Complete step-by-step answer:
We know that the general quadratic equation is given by $a{{x}^{2}}+bx+c=0$ where graph of the quadratic polynomial $y=a{{x}^{2}}+bx+c$ represents a parabola in $xy-$plane. The vertex from of the parabola is given by with vertex $\left( h,k \right)$ is given by
\[{{\left( x-h \right)}^{2}}=4a\left( y-k \right)\]

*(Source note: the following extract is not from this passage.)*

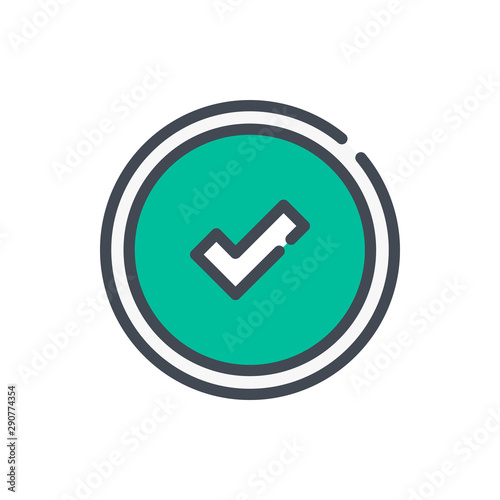 Circle button with check mark color line icon. Approve vector outline colorful sign.

We are given the following quadratic equation in the question
\[y-4=-{{\left( x-2 \right)}^{2}}\]
We expand the right hand side using the algebraic identity ${{\left( a-b \right)}^{2}}={{a}^{2}}-2ab+{{b}^{2}}$to have
\[\begin{align}
  & \Rightarrow y-4=-\left( {{x}^{2}}-8x+16 \right) \\
 & \Rightarrow y=-{{x}^{2}}+8x-12 \\
\end{align}\]
So we need to convert the above result to the intercept form $y=k\left( x-\alpha \right)\left( x-\beta \right)$. So we have to find the roots since we have $x-$intercepts at $y=0$. So let us have
\[\begin{align}
  & y=0 \\
 & \Rightarrow -{{x}^{2}}+8x-12=0 \\
 & \Rightarrow {{x}^{2}}-8x-12=0 \\
\end{align}\]
We use the splitting the middle term method to have;
\[\begin{align}
  & \Rightarrow {{x}^{2}}-6x-2x+12=0 \\
 & \Rightarrow x\left( x-6 \right)-2\left( x-6 \right)=0 \\
 & \Rightarrow \left( x-6 \right)\left( x-2 \right)=0 \\
 & \Rightarrow x=6,2 \\
\end{align}\]
So we have the roots of the quadratic polynomial as $\alpha =6,\beta =2$. Since we have multiplied $-1$ both sides and then solved the equation we have the required intercept form is
\[y=-\left( x-2 \right)\left( x-6 \right)\]

Note: We note that the vertex of the given equation $y-4=-{{\left( x-2 \right)}^{2}}$ is at $\left( 2,4 \right)$ and also note that at the vertex the minimum values of the quadratic polynomial occurs. So at $x=4$ we are getting the minimum as $y=-\left( 4-2 \right)\left( 4-6 \right)=4$. So our equation in intercept form is verified. We can find the vertex from general quadratic polynomial $y=a{{x}^{2}}+bx+c$ at $x=\dfrac{-b}{2a}$ . If in $y=a{{x}^{2}}+bx+c$ we have $a > 0$ we get a parabola opens upwards and if we have $a < 0$ we get a parabola opens downwards.